AN IMPORTANT SET OF ILKHANID REPOUSSÉ SILVER-GILT HORSE TRAPPINGS
CENTRAL ASIA OR PERSIA, 14th CENTURY
Estimate: £8,000 - £12,000
Auction: Islamic Art | Lots 1 to 66 | 12 June at 10am
Description
comprising 43 components mostly of rectangular shape with lobed edges, four of lobed tear-shape, four with one rounded end, and largest one with a central raised boss, each meticulously decorated in repoussé and incised decoration with a large dragon against foliage
Dimensions
largest 7.5cm (3in) long
Provenance
Acquired Bonhams, Islamic and Indian Art, 24th April 2012, lot 81.
Private Collection, UK.
Footnote
Literature:
M. Baskhanov, Arts from the Land of Timur: An Exhibition from a Private Scottish Collection, Edinburgh, 2012, no. 416, p. 197 (illustrated).
Note:
These fittings would originally have been attached to the leather straps used for a horse’s bridle and harnesses, adding splendour to otherwise utilitarian equestrian gear. Such fine work would not necessarily have been practical under normal circumstances, and these may instead have been used in parades. Given the perishability of leather and cloth the belts themselves are rarely extant, although an earlier example from northern Afghanistan gives an idea of how these fittings might have been arranged [Bashir Mohamed, The Arts of the Muslim Knight: The Furusiyya Art Foundation Collection, Milan: 2008, p. 116]. Elaborately caparisoned horses can be seen in 14th century illustrations of the Shahnama and even on ceramics of the same period [see Julia Gonnella and Christoph Rauch, Heroische Zeiten: Tausend Jahre persisches Buch der Könige, Berlin: 2011, pp. 99, 174].

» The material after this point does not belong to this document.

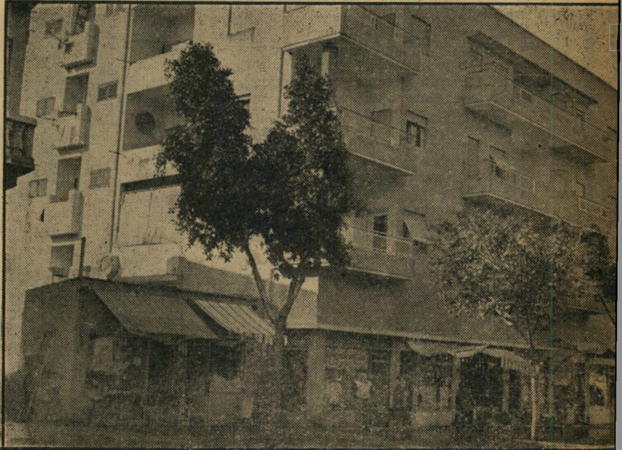
רכשה מנהלת בתי הבושת דירת בת חדר, באחד הבתים הגדולים במרכז. את עסקיה ניהלה באמצעות חזנות טלפונית מצד גברים מכובדים ועשירים.

Given the luxurious materials used, and the quality of the decoration, it is certain that these trappings adorned the horse of a person of high rank within the Ilkhanid state. Although the Ilkhans had converted to Islam in the late 13th century, they continued to draw legitimacy from their Mongol origins and even as they became increasingly sedentary they retained many of the outer appearances of nomadism. Trappings such as these were part of this visual reference to the horse-powered hordes which founded their empire, as well as a testament to the role of horses in administering and protecting these territories. In the importance of horses and their accoutrements, the Mongols were also continuing Turkic and Persian traditions which stretched back to the pre-Islamic period [Emel Esin, “The Horse in Turkic Art” in Central Asiatic Journal Vol. 10., No. 3/4 (December 1965), pp. 172-3].